The next part is utterly subjective. The courts are entrusted with the onerous task of having to divine these rights in order that the Constitution does not disparage them. The right to privacy seems to be the most self-evident. I doubt that many people, apparently including John Roberts, would deny its existence (at least not when removed from the company of like-minded Reagan Administration lawyers). I suppose it is also subjective to include abortion among these rights. The fact of the matter is that nothing can prepare a judge to make such a determination, and he or she can only be expected to do his or her best.

This, however, is the wrong approach, in my opinion. Abortion is a matter that pertains directly to women, and the legal considerations should be centered on women. It is my contention that the right to abortion is protected under the Equal Protection Clause.

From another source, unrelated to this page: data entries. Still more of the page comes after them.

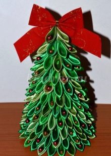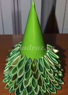 Machen Sie viele doppelt scharfe Blütenblätter. Je mehr von ihnen, desto prächtiger wird der Weihnachtsbaum sein. Sie verbrennen den Stoff, schmieren die untere Reihe des Kegels und kleben die Blütenblätter. In der nächsten Reihe werden die Blütenblätter etwas höher geklebt, so dass sie die Basis der vorherigen bedecken. Die Spitze des Weihnachtsbaumes besteht aus drei zusammengeklebten Blütenblättern. Über den Weihnachtsbaum sind halbe Perlen geklebt. Der untere Teil des Baumes ist mit grünem Rundfilz bedeckt.
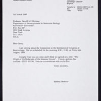 Tags: Brenner, Sydney~ Edelman, Gerald M.~ International Congress of Immunology~ Invitations~ Speeches, addresses, etc.
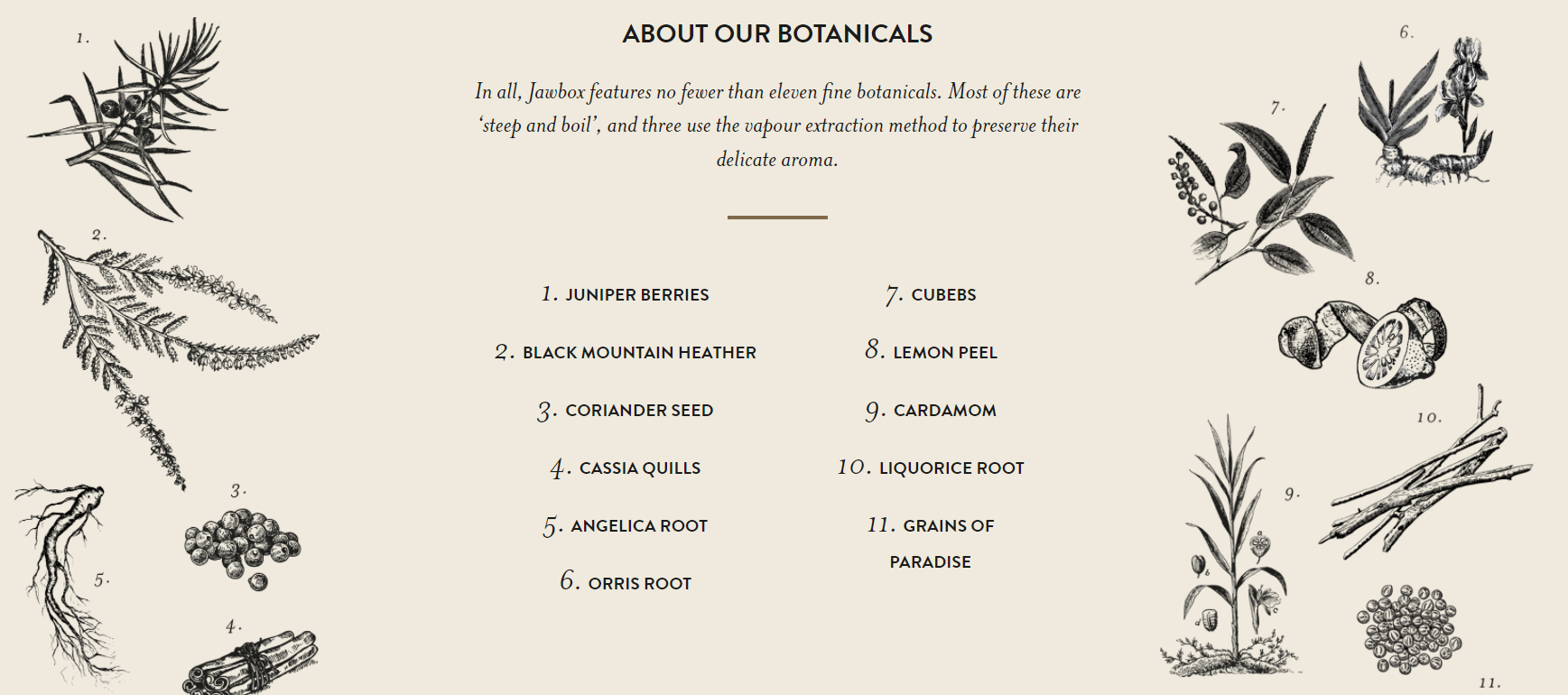 Jawbox Export Strength is triple-distilled and features a combination of 11 botanicals, many of which are distilled in the ‘steep and boil’ method while three are put through vapour extraction to preserve flavours and aromas.
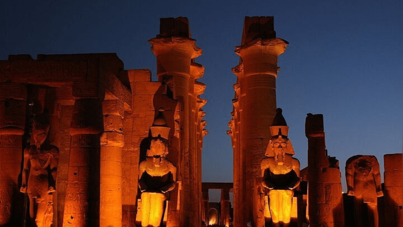 The beauty of the Temples of Karnak illuminated against the darkness of night as the pharaohs of the New Kingdom take you on a journey into Ancient Egypt during your stay in Luxor.
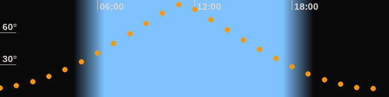 | Höchster Stand (Kulmination) | 11:11 Uhr (h = 86,6°) |

It is a sad fact of biology that the burdens of child-bearing are not shared equally by men and women. But men and women are equals under the law. Since women would see their ability to exercise their political, social and legal rights severely compromised by the inability to make a choice about the decision to have children, the right to abortion is thus essential. It is not an issue of sybaritic irresponsibility about fertility, but one of equal rights. The connection is indirect, inasmuch as the woman was not impregnated by the government, but the fact remains that such burdens would not fall upon her head unless the government, by the conscious act of banning abortion, involved itself.

We have heard too much about how this is a private choice. I can accept that statement legally, but I cannot deny that the decision to have an abortion often affects a great many people. It is a decision of extraordinary import, and unless we ensure that it is made by those women whose autonomy is at stake more than anything else, we have miscarried the duty of Constitutional justice.